We are planning to start a fairly complex web-portal which is expected to attract good local traffic and I've been told by my boss to consider/analyse node.js for the serve side.
I think scalability and multi-core support can be handled with an Nginx or Cherokee in front.
1) Is this node.js ready for some serious/big business?
2) Does this 'event/asynchronous' paradigm on server side has the potential to support the heavy traffic and data operation ? considering the fact that 'everything' is being processed in a single thread and all the live connections would be lost if it got crashed (though its easy to restart).
3) What are the advantages of event based programming compared to thread based style ? or vice-versa.
(I know of higher cost associated with thread switching but hardware can be squeezed with event model.)
Following are interesting but contradicting (to some extent) papers:-
1) http://www.usenix.org/events/hotos03/tech/full_papers/vonbehren/vonbehren_html
2) http://pdos.csail.mit.edu/~rtm/papers/dabek:event.pdf
Node.js is developing extremely rapidly, and most of its functionality is sturdy and ready for business.

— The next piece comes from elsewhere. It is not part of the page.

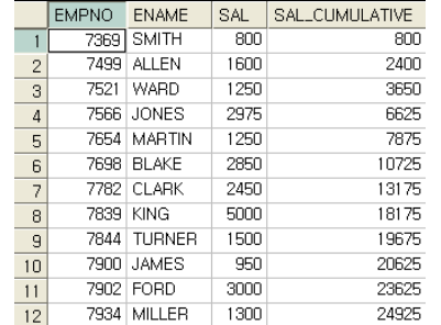,(sum(sal)OVER(ORDER BY empno)) AS SAL_CUMULATIVE

However, there are a lot of places where its lacking, like database drivers, jquery and DOM, multiple http headers, etc. There are plenty of modules coming up tackling every aspect, but for a production environment you'll have to be careful to pick ones that are stable.

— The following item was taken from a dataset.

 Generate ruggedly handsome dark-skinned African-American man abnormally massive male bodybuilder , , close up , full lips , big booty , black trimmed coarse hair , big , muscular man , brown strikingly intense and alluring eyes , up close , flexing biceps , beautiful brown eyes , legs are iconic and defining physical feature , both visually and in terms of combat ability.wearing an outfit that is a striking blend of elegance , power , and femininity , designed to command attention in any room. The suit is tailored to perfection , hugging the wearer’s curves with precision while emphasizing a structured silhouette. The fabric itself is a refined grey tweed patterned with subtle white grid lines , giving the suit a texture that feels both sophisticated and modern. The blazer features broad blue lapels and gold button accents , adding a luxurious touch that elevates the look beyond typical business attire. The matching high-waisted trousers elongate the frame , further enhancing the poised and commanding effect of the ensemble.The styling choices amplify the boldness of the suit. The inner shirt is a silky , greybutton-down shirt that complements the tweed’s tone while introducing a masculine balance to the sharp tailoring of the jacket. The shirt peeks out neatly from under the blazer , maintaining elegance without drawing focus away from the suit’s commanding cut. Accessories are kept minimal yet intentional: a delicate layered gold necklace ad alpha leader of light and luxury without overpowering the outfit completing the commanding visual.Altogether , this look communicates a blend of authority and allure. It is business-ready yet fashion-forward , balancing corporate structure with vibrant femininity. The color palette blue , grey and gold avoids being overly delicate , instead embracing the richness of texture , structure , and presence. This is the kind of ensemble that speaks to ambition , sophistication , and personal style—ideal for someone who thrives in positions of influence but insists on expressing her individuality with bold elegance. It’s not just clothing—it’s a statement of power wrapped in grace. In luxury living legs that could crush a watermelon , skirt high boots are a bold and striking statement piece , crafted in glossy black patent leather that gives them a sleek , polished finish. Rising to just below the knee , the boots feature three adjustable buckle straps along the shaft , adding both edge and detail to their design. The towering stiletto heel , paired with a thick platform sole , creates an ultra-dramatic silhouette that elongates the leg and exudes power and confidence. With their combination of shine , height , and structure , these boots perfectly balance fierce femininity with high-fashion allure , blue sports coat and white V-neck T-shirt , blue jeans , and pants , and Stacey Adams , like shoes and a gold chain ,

Its actually much MUCH more efficient using a single thread than a thousand (or even fifty) from an operating system perspective, and benchmarks I've read (sorry, don't have them on hand -- will try to find them and link them later) show that it's able to support heavy traffic -- not sure about file-system access though.
Event based programming is:
Cleaner-looking code than threaded code (in JavaScript, that is)

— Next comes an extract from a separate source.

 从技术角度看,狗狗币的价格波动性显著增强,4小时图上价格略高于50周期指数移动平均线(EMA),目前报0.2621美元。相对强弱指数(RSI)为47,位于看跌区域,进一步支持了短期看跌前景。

The JavaScript engine is extremely efficient with processing events and handling callbacks, and its easily one of the languages seeing the most runtime optimization right now.
Harder to fit when you are thinking in terms of control flow. With events, you can never be sure of the flow. However, you can also come to think of it as more dynamic programming. You can treat each event being fired as independent.
It forces you to be more security-conscious when programming, for the above reason. In that sense, its better than linear systems, where sometimes you take sanitized input for granted.
As for the two papers, both are relatively old. The first benchmarks against this, which as you can see, has a more recent note about these studies:
http://www.eecs.harvard.edu/~mdw/proj/seda/
It also cites the second paper you linked about what they have done, but refuses to comment on its relevance to the comparison between event-based systems and thread-based ones :)
Try yourself to discover the truth
See What is Node.js? where we cover exactly that:
Node in production is definitely possible, but far from the "turn-key" deployment seemingly promised by the docs. With Node v0.6.x, "cluster" has been integrated into the platform, providing one of the essential building blocks, but my "production.js" script is still ~150 lines of logic to handle stuff like creating the log directory, recycling dead workers, etc. For a "serious" production service, you also need to be prepared to throttle incoming connections and do all the stuff that Apache does for PHP. To be fair, Rails has this exact problem. It is solved via two complementary mechanisms: 1) Putting Rails/Node behind a dedicated webserver (written in C and tested to hell and back) like Nginx (or Apache / Lighttd). The webserver can efficiently serve static content, access logging, rewrite URLs, terminate SSL, enforce access rules, and manage multiple sub-services. For requests that hit the actual node service, the webserver proxies the request through. 2) Using a framework like "Unicorn" that will manage the worker processes, recycle them periodically, etc. I've yet to find a Node serving framework that seems fully baked; it may exist, but I haven't found it yet and still use ~150 lines in my hand-rolled "production.js".